1348364 - Disease Modifying Therapy is Not Protective against Myocardial Fibrosis in Young Patients with Sickle Cell Disease

We performed a retrospective chart review of pediatric and young adults with SCD who underwent CMR between 2020 and 2021. CMR-derived ventricular volumes were used to calculate ejection fraction and myocardial mass. ECV was measured from T1 maps acquired with a modified Look-Locker inversion recovery (MOLLI) sequence in short-axis pre- and post-contrast. T2 and T2* maps were obtained before contrast. Regions of interest for analysis were drawn in the interventricular septum at the mid-myocardial level.

Results:

Thirty-six patients (31 [86%] Hemoglobin [Hgb] SS, 4 [11%] Hgb SC, 1 [3%] Hgb SB+ thalassemia) underwent CMR during the study period (Table 1) due to abnormal echocardiograms. The median age at the time of CMR was 16.8 years (IQR 14.7-17.9). At the time of CMR, 13 (36%) patients were receiving hydroxyurea for a median treatment duration of 2.3 years (IQR 0.0–8.4), and 14 (39%) were receiving chronic transfusions (CTXN) for a median treatment duration of 0.3 years (IQR 0.0–2.5). Some patients switched from hydroxyurea to CTXN or vice versa, so the collective median duration of any DMT was 7.1 years (IQR 0.7-11.5). In the two years preceding the CMR, the frequency of SCD acute complications was as follows: 5 (14%) patients had 1-2 episodes of acute chest syndrome, and 7 (19%) patients had ≥1 episode of vaso-occlusive pain. The remaining participants had no vaso-occlusive events two years before undergoing CMR.

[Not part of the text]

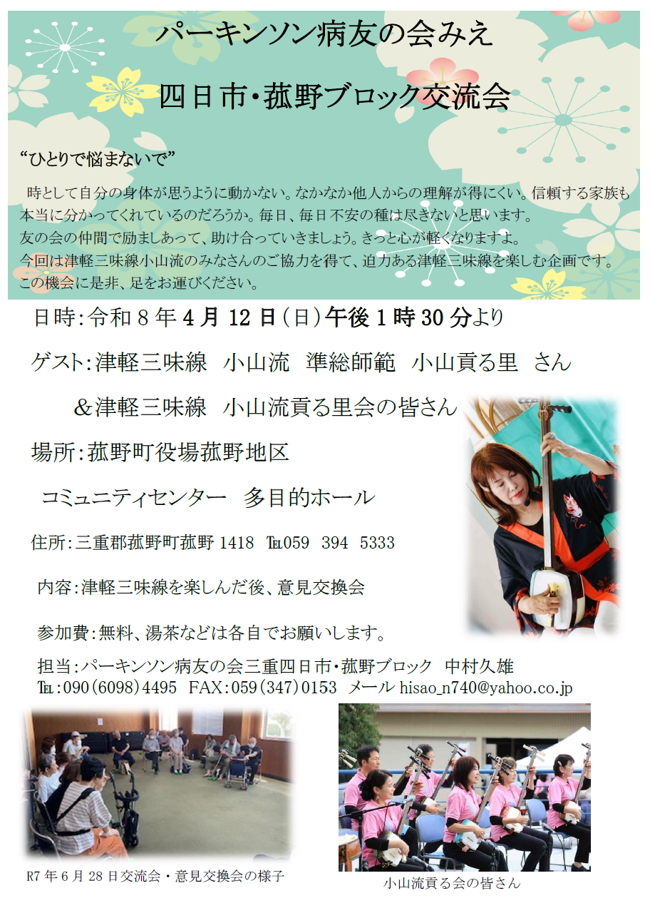 パーキンソン病友の会みえ 四日市・菰野ブロック交流会のお知らせ
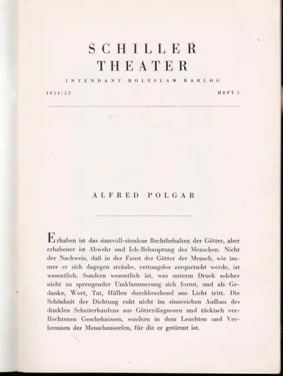 Berlin. - Schillertheater. - Boleslaw Barlog (Intendanz). - Sophokles: König Ödipus. Programmheft 5, Spielzeit 1951 / 1952. Übersetzt von Hugo von Hofmannsthal. Inszenierung und Bühne: Willi Schmidt, mit u. a.: Ernst Deutsch, Roma Bahn, Paul Wagner, Till

Many patients had left ventricle (LV, 22 [61%]; and right ventricle (RV, 17 [47%]) dilation. Twenty-one (58%) patients also had left atrial (LA) enlargement. Most (23 [64%]) patients had elevated LV cardiac index. Both LA volume and LV cardiac index were elevated despite DMT, whether hydroxyurea, CTXN or a combination of both, and no differences were observed relative to the type of DMT (Figure 1).

Nearly all patients (34 [94%]) had increased ECV, median ECV=31% (IQR 29-34). Duration of exposure to DMT was not associated with ECV (slope of ECV% versus years on DMT: 0.05, p=0.615). There was no difference in ECV among patients who started DMT before or after three years of age (Figure 2).

Conclusion: Our study highlights that diffuse myocardial fibrosis is nearly universal in children and young adults with SCD, even among patients with normal cardiac size and function. Our data further suggest that DMT does not mitigate the development of myocardial fibrosis, even if it is begun very early in life. These data demonstrate the use of CMR as an essential tool to identify cardiac changes from SCD and highlight the need of developing better cardioprotective strategies in patients with SCD.